The knowledge graph as digital twin

2 minute read

A new paper from Wharton finds that LLM-generated Community Notes on X are rated more helpful than human-written ones across 108,000+ ratings. It’s a well-designed study and the result is credible — for social media fact-checking, which is what it’s testing. Whether something similar could work for scientific literature is a different question, and the answer depends entirely on what you build underneath it.

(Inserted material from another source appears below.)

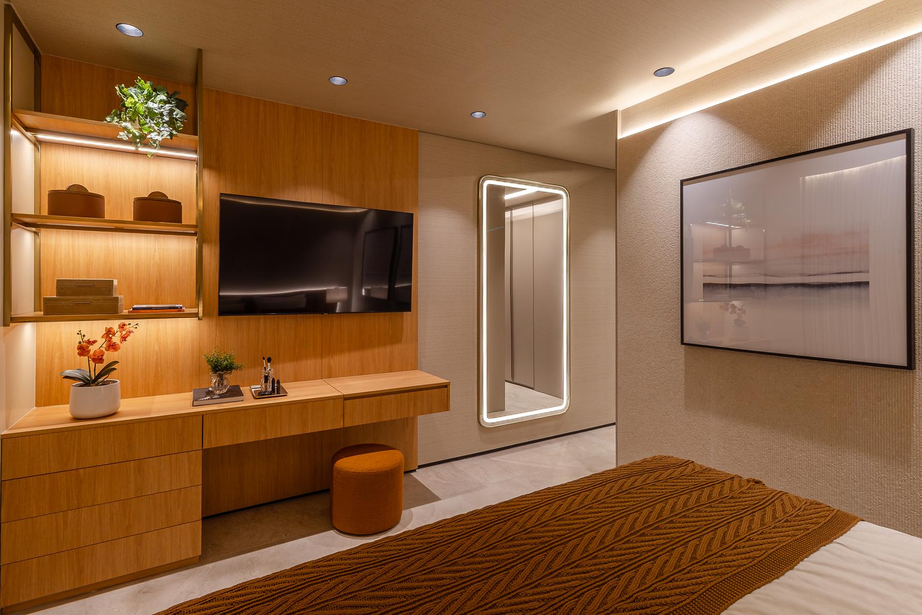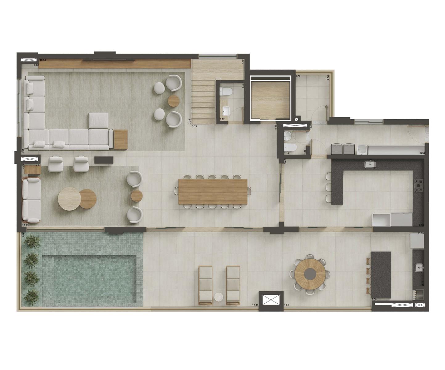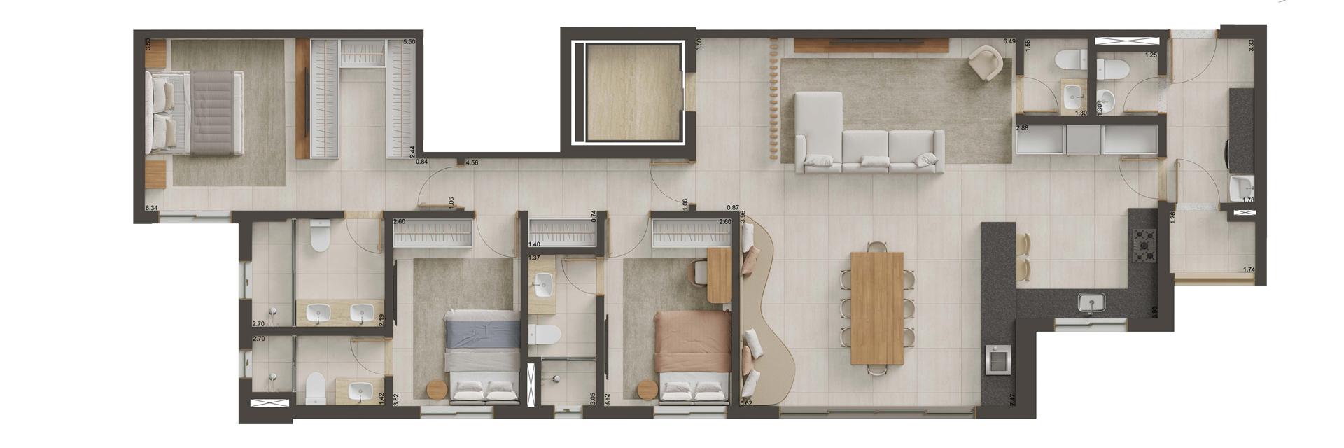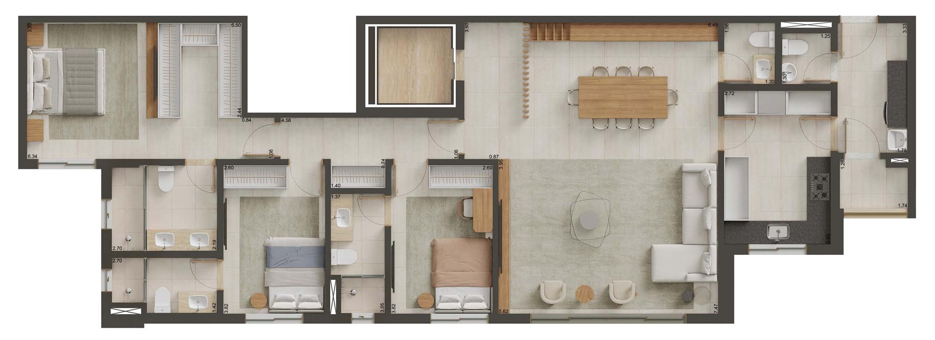 Os apartamentos duplex do Capadócia Marista possuem metragens de 410 m² e oferecem 4 suítes, com elevador privativo atendendo os pavimentos. As unidades contam com varanda equipada com churrasqueira a carvão e piscina descoberta, além de ambientes amplos e bem distribuídos. Os acabamentos seguem o padrão elevado do empreendimento, com materiais naturais, esquadrias com veneziana integrada e infraestrutura para ar-condicionado tipo VRF, garantindo conforto e funcionalidade.
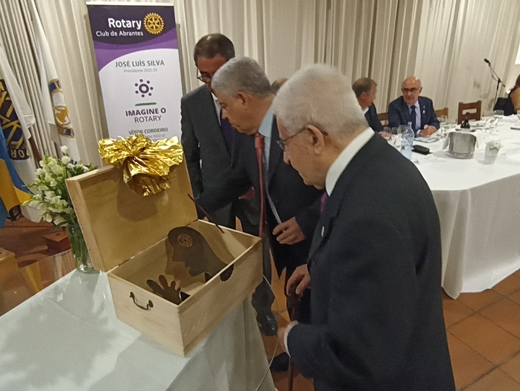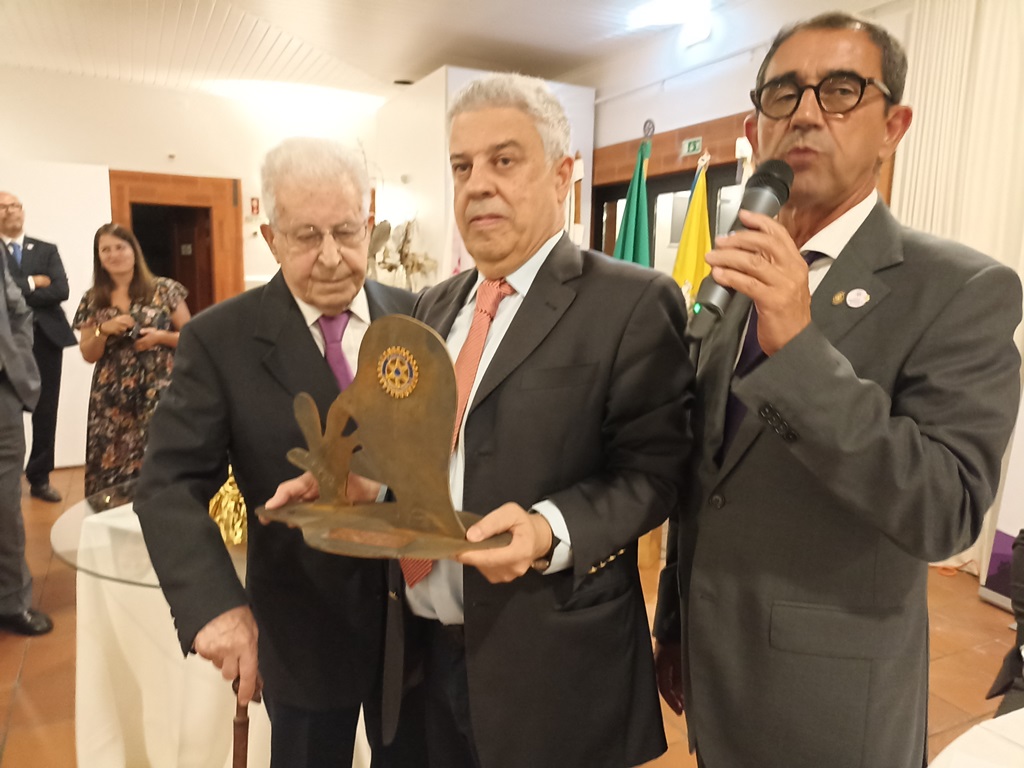 João Tavares recebeu uma lembrança do clube que ajuntou a fundar e que é uma miniatura da escultura que o Rotary ofereceu à comunidade e instalou junto ao Hospital em Abrantes.

Social media claims are mostly atomic: a politician said something, a statistic is cited correctly or not, an event happened or didn’t. You can check those against a corpus. Scientific claims are relational — they assert relationships between entities distributed across thousands of papers, and the “truth” of the claim is a property of the network, not any individual document. Asking an LLM to fact-check “compound X inhibits pathway Y at therapeutic doses” requires knowing what the literature establishes about X’s mechanism, Y’s context-dependence, and whether the relevant concentrations have ever appeared in the same study. A retrieval system can find text that mentions both; it can’t tell you whether the relationship holds.

This is precisely what knowledge graphs were built for. Don Swanson demonstrated it in 1986: he found that fish oil and Raynaud’s syndrome research had never cited each other, yet traversing the relationships — fish oil inhibits platelet aggregation, platelet aggregation implicated in Raynaud’s — produced a testable hypothesis. No document stated it. The connection existed only in the graph. A clinical trial three years later confirmed it.

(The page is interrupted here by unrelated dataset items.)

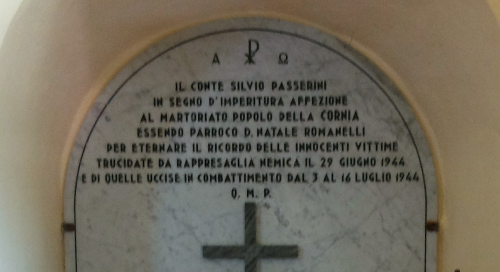 - La lastra è dedicata ai 58 Caduti che rimasero vittime delle rappresaglie dell'esercito tedesco, tra le frazioni di Cornia, Solaia e San Pancrazio dopo i terribili fatti che avevano sconvolto Civitella in val di chiana il 29 giugno 1944 fino all'arrivo dell'VIII armata inglese il 16 luglio dello stesso anno.
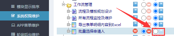 :工作流加班申請(qǐng)如何批量選擇多個(gè)加班人![]() 先分配批量選擇申請(qǐng)人的權(quán)限,前往設(shè)置-系統(tǒng)權(quán)限維護(hù),找到下圖位置開(kāi)啟:
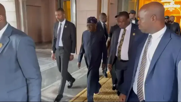 Social media users have taken to their official X account to react after a video which captured the moment President Bola Ahmed Tinubu was leaving a hotel surfaced online.
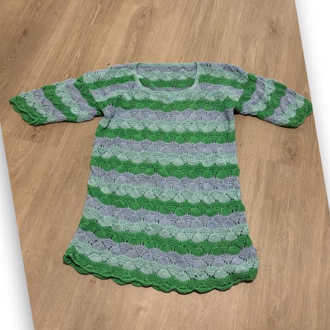 Kaunis käsintehty teal-värinen neulepaita, jossa on etupuolella ainutlaatuinen kuvio, joka muistuttaa tyyliteltyä puuta tai kasvia. Kuviossa on sininen runko ja oksat sekä punaiset lehdet tai kukat. Paita on mukava ja teksturoitu, täydellinen viileämpiin säihin. Tämä neulepaita on erinomaisessa kunnossa ja valmis löytämään uuden omistajan.
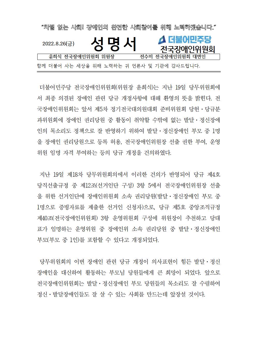 [성명서] 더불어민주당 전국장애인위원회, 장애인 관련 당규 개정사항 관련
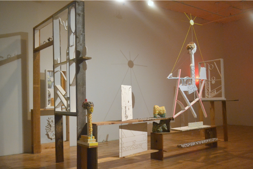 That said, there is one large, central sculpture obviously made with care and consideration; it resembles a sitting figure with the word “DITCH” on it. The implied head is a generous glob of plaster oozing off the top of a plank with clam shells pressed into it. The figure is crowned with a spindly sun shape casting its own complicated shadow behind itself that’s as interesting as the sculpture.
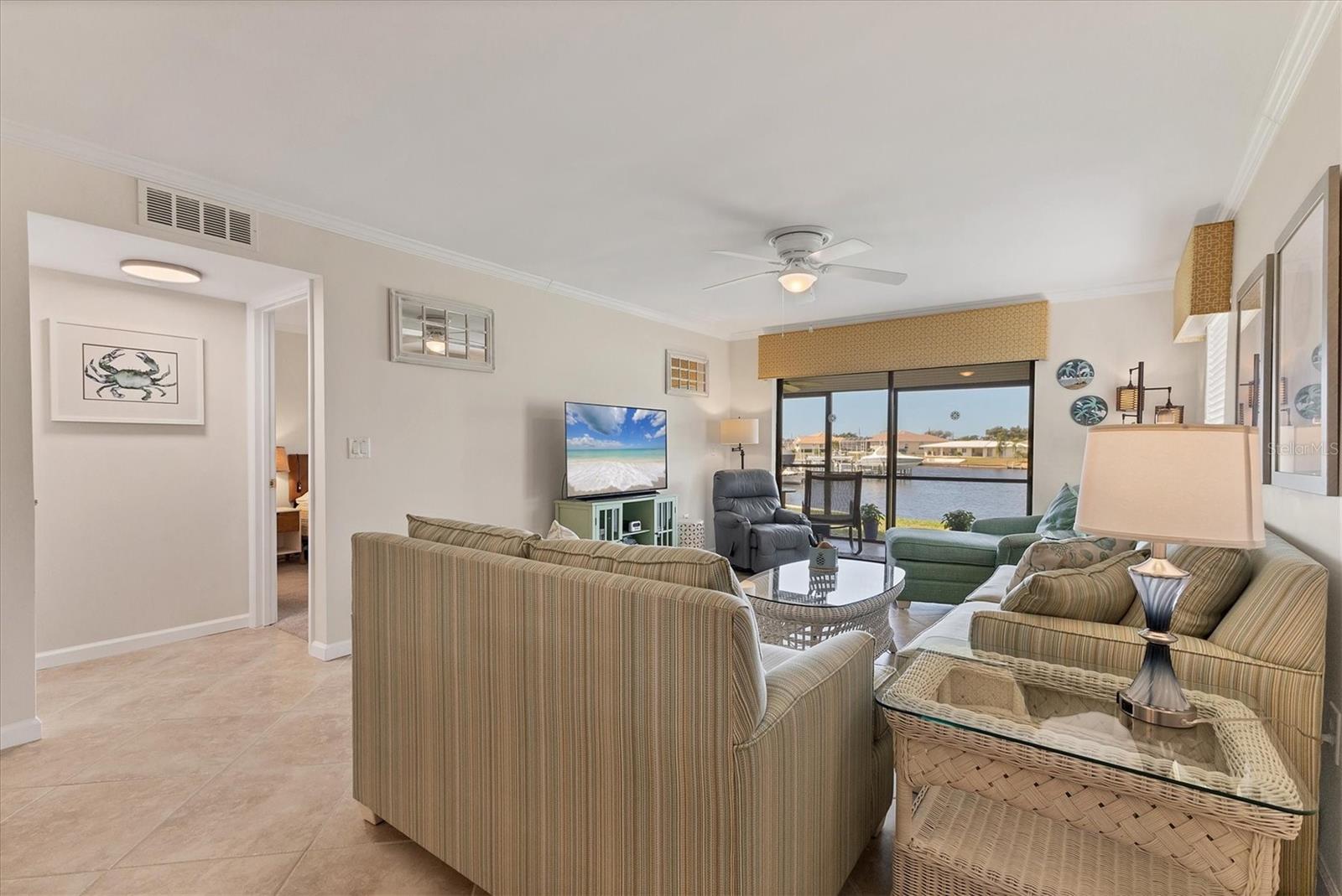 Marina Isles - centrally located first floor condo with rare garage, available now for purchase. Now is your chance to wake up every day to beautiful water and Marina views and enjoy local wildlife and sunsets. Being sold turnkey furnished and equipped ready for waterfront living, this lovely condo offers freshly painted interiors, kitchen with stainless appliances, tile flooring in the living areas and new carpeting in the bedrooms. Large screened in lanai overlooks the water and the Marina. For added security there are storm shutters which easily pull down on the lanai. The lanai also has two storage closets with power and lighting. Marina Isles is a friendly and active community with lots of open green space, no crowds or through traffic. Centrally located between Venice and Englewood, Englewood Isles is about 3 miles to Manasota Beach and also has easy access to Englewood Beach. Enjoy all the area has to offer from great beaches, farmers markets, spring training baseball, golfing and much more! The condo fee also includes water, sewer, cable and internet. There is also a nice community pool and hot tub. The pool area also serves as gathering place for dinners, holiday celebrations, card games etc. on the covered patio. Boat slips may be available for purchase or rent at the Marina. Jump in your boat and be out in the intracoastal in minutes with no bridges.Make your appointment to view this lovely unit soon or it may be too late.
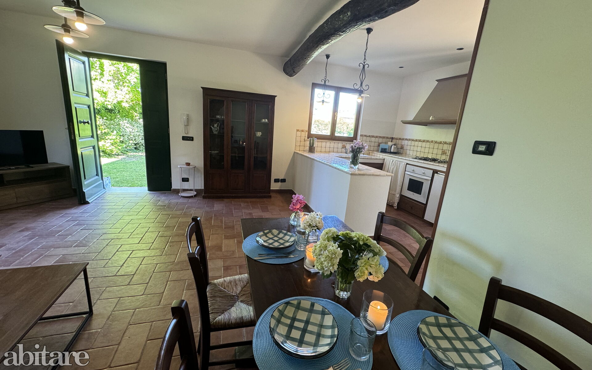 table à manger, Sortie sur le jardin, Sortie sur la véranda, Réfrigérateur, machine à café italienne, Four micro-onde, Four, Canapé, Télévision, Internet WiFi, Ventilateur portable

Thirty years on, Himmelstein et al. built Hetionet: 47,000 nodes, 2.25 million relationships, 29 biomedical databases integrated into a single graph. They used it to generate drug repurposing predictions across 209,000 compound-disease pairs. Most of those candidates couldn’t be found by searching the literature because no paper had connected them — that’s what made them candidates worth testing.

The reason I keep coming back to this is that “fact-checking” is actually the least interesting thing a knowledge graph enables. Verification looks backward: does this claim hold given what we know? Discovery looks forward: what does the structure of existing knowledge imply that nobody has tested yet? Swanson and Himmelstein were doing the second thing. An AI system built on structured biomedical knowledge could do both simultaneously — flagging claims that contradict established relationships while surfacing hypotheses that the graph supports but the literature hasn’t yet stated.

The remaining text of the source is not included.